Tuesday, February 9, 2016

Little Big Things

Just the other day I thought out loud in my brain, "Felix has never had the stomach flu! Score!'  Last night at approximately 11:40pm my little dude wandered into our room.  "Mama?!" RAPLH! all over our bed.  Run to the bathroom, barf more and more and more and more.  Sorry if this is graphic.  He's my third little person so I truly didn't even blink an eye.  You just do it.

Then I go to throw our sheets and blanket and giant queen quilt in the wash and oh hello sopping wet non drained washing machine in our beautiful perfect new to us house.  Nice to meet you.  Thanks to youtube and a giant ego after 6 years of 100 year old house ownership I was SO SURE I'd nailed the problem to the wall.  One tiny sad non drained load later I gave up, put that we bought a car on black friday so we got a best buy gift card to good use and come Thursday laundry will be done again.  Until then thanks mom for the pick up laundry service while I try to figure out how much drink Felix can handle without instant barf relapse.

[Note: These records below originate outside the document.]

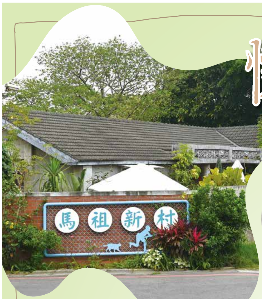
▲馬祖新村是眷村文化保存運動中相當重要的地區。
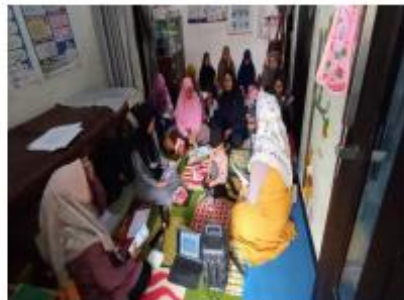
Gambar 1. Pelaksanaan edukasi

Berdasarkan hasil evaluasi akhir juga diperoleh informasi bahwa seluruh ibu hamil yang menjadi peserta pengabdian masyarakat ini sangat antusias dan tertarik untuk melakukan terapi dengan lilin aromaterapi lavender ini, sehingga tindak lanjut berikutnya adalah peningkatan sosialisasi terapi ini kepada masyarakat luas secara umum dan terkhusus pada ibu hamil agar dapat mewujudkan masa kehamilan yang nyaman, aman dan lancar.
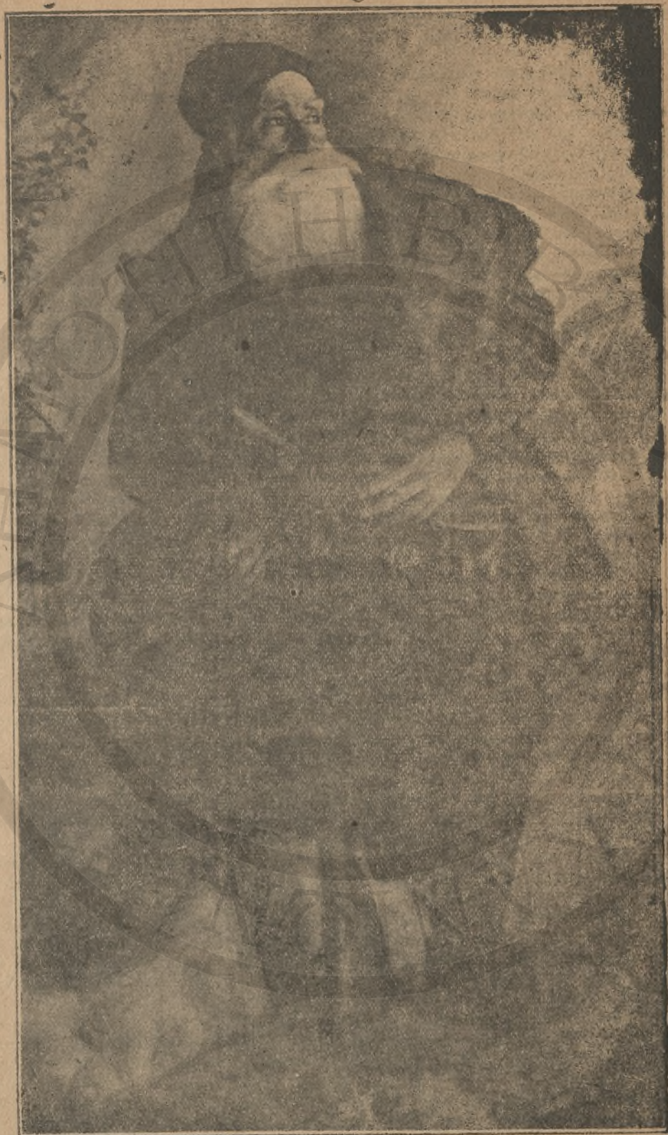
ΣΤΑΥΡΟΥΛΟΣ ΖΟΥΡΙΔΗΣ , δπλαρχηγός εκ Λάκκων Κυθωνίας, διακριθείς, ιδίως, κατά τους αγώνες τής Μεταπολιτευσεως. (Ίδε σχετικόν σημείωμα εις «Εξοιότητα Λάκκων» επαρχία; Κυθωνία; Νομός Χανίων.

This week was feeling super stressful for some reason.  Honestly I'm just still not HERE.  Does that make sense?  This fall has just been insane and now the winter has been harder too.  I really could pinpoint the moment last week that WHAM! I felt at home.  I am such an incredibly good worrier and there is just so much to worry about when you are moving and buying and selling homes and pretty much changing everything about your lives.  There's this hilarious horrible balance between, let yourself worry! be kind to yourself! and STOP IT! you are so lucky, life is amazing.  It's exhausting.

So I've done A LOT of sitting in between my bouts of madness and worry.  Way too much napping on our new red couch and not enough marked productivity.  Yesterday I told Ian about this crazy 2 hour nap I took "Which I didn't even need!!!" and he laughed through his annoyance and it was such a great moment.  I told the kids AGAIN "find someone in life that you can annoy and accepts your annoyance and that laughs at you and with you.  It's really the stuff of life".  

I do this though.  I am such an up and down person I really should have a whole lot of roller coasters named after me (but I totally hate roller coasters so, no thank you).  Right now I'm really up and that feels good.

Yesterday I went to my new favorite store and bought FOUR new paperbacks to read with the girls.  We read every day but longer chapter books are still tricky to find time for so I recommitted and am so excited.  Three chapters into Half Magic sitting by the fire with my girls is a good place to be.

I'm still totally over food and cooking, mostly spending SO MUCH on food.  I actually went to Aldi for the first time in years and while the generic corn chips were "spot on" according to Ian I was underwhelmed and felt a bit like I was grocery shopping in prison.  I am one of those people who will totally pay for a good food shopping experience.  I LOVE our co-op and still burn a bright fierce candle for Trader Joes and just yesterday stepped foot into a brand new Kowalski's that blew my socks off (and has so many options for locally smoked fish I just, I can't even) so that's where it's at for me.  Make it work Becky.  Make it work.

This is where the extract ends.